> [DATA SECTION]
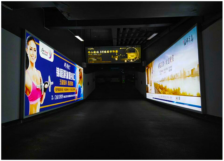 亮麗的停車場室內(nèi)廣告拉布燈箱—該項(xiàng)目由我司提供鋁型材、LED燈、畫面以及技術(shù)安裝指導(dǎo)(不含安裝),全部燈箱都以墻面壁掛式展現(xiàn),燈箱安裝的完成的同時(shí)普通的停車場也升級(jí)形成了一道亮麗的廣告風(fēng)采!
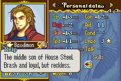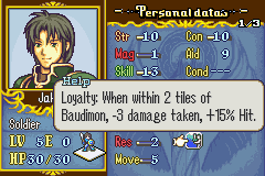Loyalty: When within 2 tiles of Baudimon, -3 damaget taken, +15% Hit.
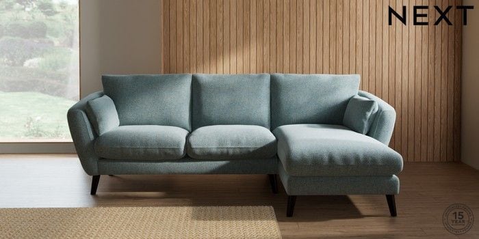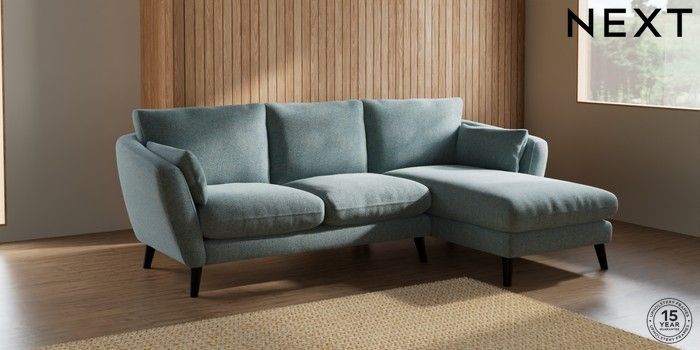 6.12.1 Buy Orlo Relaxed Sit Medium Sofa Chaise - Right Hand Chunky Marl Mid Blue Retro Tapered - Dark from the Next UK online shop Click here to use our accessible website

> [PROMPT] Copy out all of the material exactly as written, without its pictures.

> [EXERCISE RESPONSE]
 亮麗的停車場室內(nèi)廣告拉布燈箱—該項(xiàng)目由我司提供鋁型材、LED燈、畫面以及技術(shù)安裝指導(dǎo)(不含安裝),全部燈箱都以墻面壁掛式展現(xiàn),燈箱安裝的完成的同時(shí)普通的停車場也升級(jí)形成了一道亮麗的廣告風(fēng)采!
Loyalty: When within 2 tiles of Baudimon, -3 damaget taken, +15% Hit.
 6.12.1 Buy Orlo Relaxed Sit Medium Sofa Chaise - Right Hand Chunky Marl Mid Blue Retro Tapered - Dark from the Next UK online shop Click here to use our accessible website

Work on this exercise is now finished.